Oil prices entered negative territory in afternoon trading on Monday for the first time. This means that the person selling the contract would pay the buyer to take delivery of the oil.
If the most watched oil price gauge is literally worthless, is it time to drain the oil stocks? Probably not, especially if you hold stocks that can generate enough cash to meet their obligations until the end of next year. The worst of the oil fusion will finally be over, and the world will need oil to fuel the healing of the coronavirus.
However, the demand for oil is not drying up. Futures that expire in the following months are still trading at more than $ 20 and, in some cases, more than $ 30. The restrictions on Covid-19 will eventually be relaxed and businesses and consumers will buy petroleum products again.
“Negative oil” bets apply to a very small slice of the market. The overwhelming majority of oil contracts in progress today represent bets that oil will exceed $ 20. At the start of the weekend, there were only 108,000 open contracts for May futures, up from 538,000 for June and 330,000 for July, according to the Chicago Mercantile Exchange. Most investors are betting that crude will trade at more than $ 20 by June and more than $ 30 by September. And the first-month contract for Brent crude oil, the international benchmark, stood at $ 25.57 on Monday.

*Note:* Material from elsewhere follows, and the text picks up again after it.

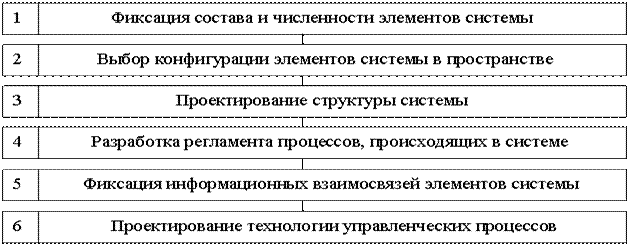 Все это требует тщательно разработанной поэтапной процедуры проектирования структур, детального анализа и определения системы целей, продуманного выделения организационных подразделений и форм их координации.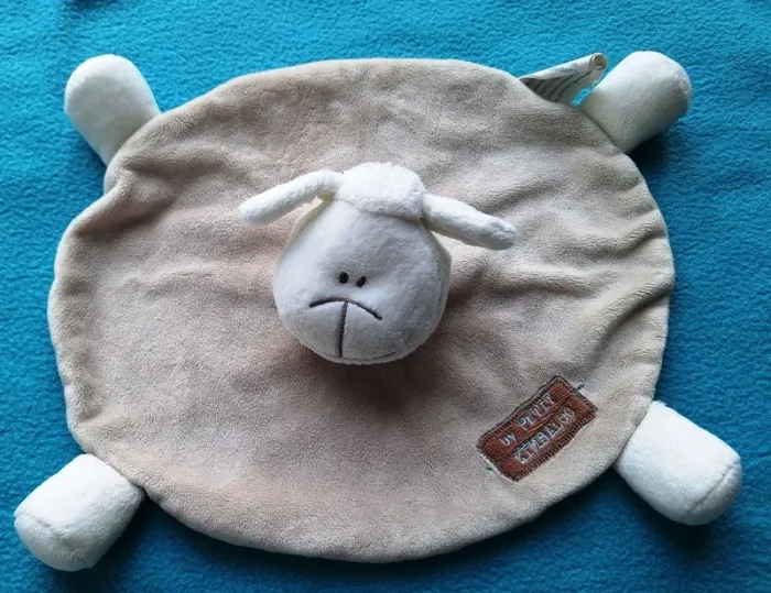 DOUDOU ROND PLAT MOUTON EN VELOURS BEIGE ET BLANC AU CENTRE DU DOUDOU, MOUTON BLANC AVEC SES 4 PATTES QUI SORTENT DU DOUDOU SUR LE BAS DU DOUDOU, ETIQUETTE BRUNE AVEC BY PETIT KIMBALOO BRODE DESSUS ETAT PARFAIT !

Oil companies, especially in the United States, are counting. No one can still make money at prices below $ 40. There could be dozens of bankruptcies before the end of the year.
But companies that have managed their debt well may experience a rebound as more producers exit the market and the balance between supply and demand is restored.
“Today’s price movement gives the impression that oil is killing the kidney,” said David Winans of PGIM Fixed Income. “A very painful decision, but one that cannot last long, because the producers are cutting the wells as we speak. “
Today, the world may only need 75 million barrels of oil a day to keep the economy running. By the end of 2021, however, he will likely need 100 million barrels a day or more, and someone will have to supply all of this oil.
Among the companies well positioned to succeed in the coming years,
(CVX), which reduced capital conservation expenses. “Chevron in an environment of $ 30 a barrel Brent offers the lowest net debt / Ebitda [earnings before interest, taxes, depreciation and amortization] World Super Majors, “Goldman Sachs analyst Neil Mehta wrote last week. He evaluates the actions at Buy.
Another title that is now attracting positive attention is
(SLB), the world’s largest petroleum services company. Schlumberger has suffered from reduced corporate investment budgets. But he has enough long-term international contracts to be able to persevere in the next 18 difficult months. The company’s decision to cut its dividend on Friday gives it more cash to honor short-term debt.